Wed Jul 7 20:36:05 CEST 2004

On Wed, 2004-07-07 at 18:29, Bret Collier wrote:
> R-users,
>          I have been using R for about 1 year, and I have run across a 
> couple of graphics problem that I am not quite sure how to address.  I have 
> read up on the email threads regarding the differences between density and 
> relative frequencies (count/sum(count) on the R list, and I am hoping that 
> someone could provide me with some advice/comments concerning my 
> approach.  I will admit that some of the underlying mathematics of the 
> density discussion are beyond my current understanding, but I am looking 
> into it.
> 
> I have a data set (600,000 obs) used to parameterize a probabilistic causal 
> model where each obs is a population response for one of 2 classes (either 
> regs1 and regs2).  I have been attempting to create 1 marginal probability 
> plot with 2 lines (one for each class).  Using my rather rough code, I 
> created a plot that seems to adhere to the commonly used (although from 
> what I can understand wrong) relative frequency histogram approach.
> 
> My rough code looks like this:
> 
> bk <- c(0, .05, .1, .15, .2, .25,.3, .35, 1)
> par(mfrow=c(1, 1))
> fawn1 <- hist(MFAWNRESID[regs1], plot=F, breaks=bk)
> fawn2 <- hist(MFAWNRESID[regs2], plot=F, breaks=bk)
> count1 <- fawn1$counts/sum(fawn1$counts)
> count2 <- fawn2$counts/sum(fawn2$counts)
> b <- c(0, .05, .1, .15, .2, .25, .3, .35)
> plot(count1~b,xaxt="n", xlim=c(0, .5), ylim=c(0, .40), pch=".", bty="l")	
> lines(spline(count1~b), lty=c(1), lwd=c(2), col="black")
> lines(spline(count2~b), lty=c(2), lwd=c(2), col="black")
> axis(side=1, at=c(0, .05, .1, .15, .2,  .25, .3, .35))
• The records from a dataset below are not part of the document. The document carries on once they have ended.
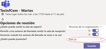 Seleccione en la pregunta "Quien puede presentar" la opción "Solo yo" y presione el botón Guardar.
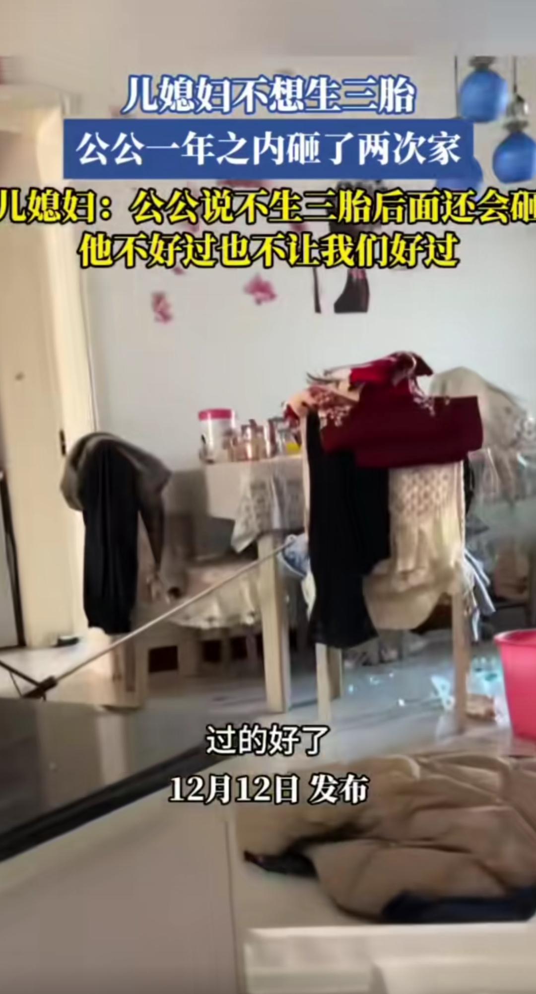看这个公公干了什么事儿? 因为儿媳妇不生三胎,这个公公,砸了两次家,而且啊,这个
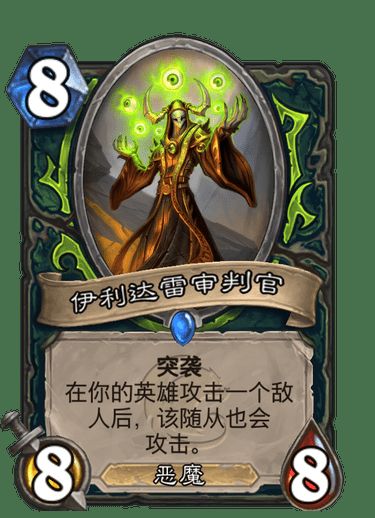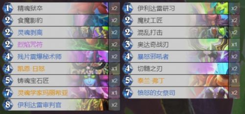 这是一套不带【古尔丹之颅】的中速残片瞎。亮点在于核心系列带来的新卡【伊利达雷审判官】。这张卡过墙打脸一体,4费打【暴怒邪吼者】,5费【泰兰·弗丁】检索,6费【伊利达雷审判官】有点恐怖。4费打【暴怒邪吼者】,5费【愤怒的女祭司】也是很强的节奏。不带【古尔丹之颅】是因为卡组高费多,容易卡流放。

Have you considered density() and plot.density() by any change ?

> Using the above, I get frequency values for regs1 that look like this 
> (which is the same as output for my probabilistic model):
>  > count1
> [1] 1.213378e-01 3.454324e-01 3.365343e-01 1.580839e-01 3.342101e-02
> [6] 4.698426e-03 4.488942e-04 4.322685e-05

I would tend to use the term proportion rather than frequency.

> First, count1 is the frequency of occurrence within range 0-0.05, but when 
> plotted is the value at b=0 and does not really represent the range?  Are 
> there any suggestions on a technique to approach this?
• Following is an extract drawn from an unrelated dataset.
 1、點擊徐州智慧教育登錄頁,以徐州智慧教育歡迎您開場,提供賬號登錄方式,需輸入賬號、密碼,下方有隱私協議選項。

You can plot it in the mid-points like hist() does. fawn1$mids would
give you these values.

> Next:  Using the above code, the x-axis values end at 0.35, but the axis 
> continues (because bk ends at 1)?  While there is the chance of occurrence 
> out past .35, it is low and I want to extend the lines to about .35 and 
> clip the x-axis.  But, I have been unable to figure out how to clip  Could 
> someone point me in the correct direction?

In your plot() function, set xlim=c(0,0.35). If you mean 'clipping' as
in truncating the density, then you probably need to do re-adjust your
proportions such that they sum up to 1.